I found that to be pretty brutal work, but I'd have stuck with it if they'd hired me. I swear though, I was hitting the wall on those ten hour shifts and had to shower before I went to bed to soothe my aching muscles. That job only paid about $9 or $10 an hour, I was making perhaps $7 an hour as a temp. Not $150,000 a year - less than $25,000 a year even with some overtime.
There was a foundry in a small town where I lived. Brutish place to work, but it did not pay that well. I worked at the satellite dish factory on the night shift. It was hot, dirty, noisy. I got $5.40 an hour to run the drill presses. Guys on the paint line there dealt with even more dirt and heat and didn't make much better money than me, if any. (I never asked Tim what he made. That factory paid a piece rate, but how do you figure piece rate on a paint line?)
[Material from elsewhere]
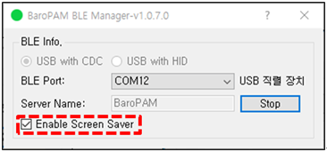 5) 컴퓨터와 BaroPAM 앱이 Bluetooth 통신으로 연결된 상태이지만 BaroPAM 앱을 놓고 잠시 자리를 비워야 하는 경우에 "Enable Screen Saver"를 선택하면 화면 보호기의 잠금 방지 기능이 해제된다.

After they laid me off, I worked seven weeks as a temp making industrial motor controls. That factory paid about $2 an hour more than the satellite dish factory (still only about $7 or $8 an hour in 1995 although some of the people who had been there a long time were making $10 or $11 an hour). That place was air conditioned!! And quiet! And clean! And paid more than the satellite dish factory.
Lots of people are doing backbreaking and dangerous work for a lot less than $50,000 a year to say nothing of $150,000. For a time I worked seven days a week as a janitor for a sports bar. True that was only part time, but it was six or seven hours a day, starting at two in the morning every Friday, Saturday and Sunday. $5.50 an hour and no benefits.